What: “Death Rattles” by Karen Turner
Where: Ivy Brown Gallery, 675 Hudson St. (between W. 13th and W. 14th streets), New York
When: Now through Thursday, August 15
A reception with the artist will be held on Wednesday, August 7, from 6 to 8 p.m. (Wine and hors d’œuvres will be served, and media are invited.)
“Animals are a crucial part of every ecosystem on Earth, yet we have destroyed their habitats with clearcutting and poison, filled the oceans with plastic and garbage, and sentenced our fellow beings to a lifetime of suffering in the food industry, laboratories, roadside zoos, circuses, puppy mills, and more,” says Turner. “These death rattles symbolize the importance of letting harmful practices die out so we can allow the remaining life on our planet to recover and thrive.”

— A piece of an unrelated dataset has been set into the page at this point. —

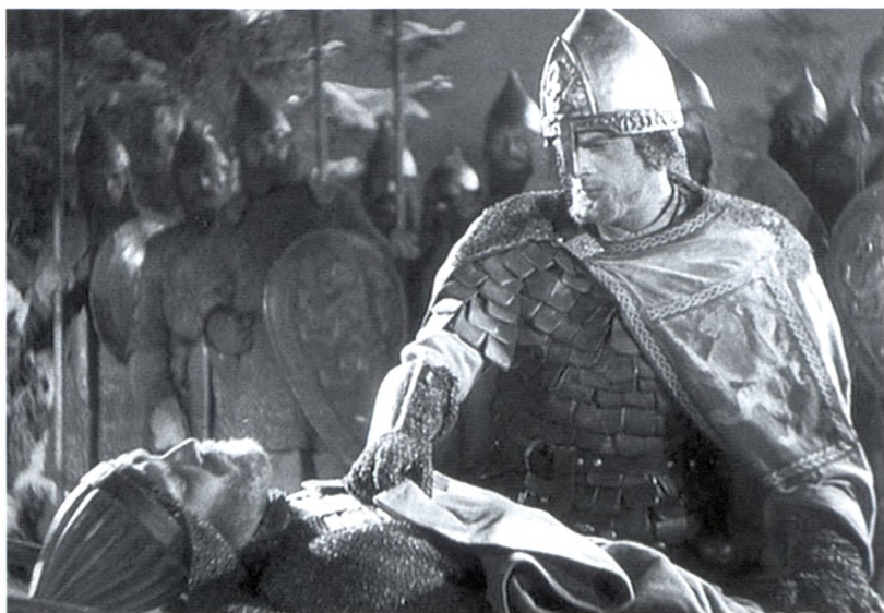
26. Александр Невский прощается с Домашем Твердиславичем. Кадр из фильма «Александр Невский» С.М. Эйзенштейна. 1938 г.

Turner founded the Oz School in Santa Fe, New Mexico, and has a long history of animal protection advocacy, including children’s art exhibitions to benefit chimpanzee rehabilitation projects and lending support to a successful ban on cockfighting.
The gallery is open Monday through Friday from 10 a.m. to 5 p.m. Proceeds will benefit PETA, which opposes speciesism, a human-supremacist worldview.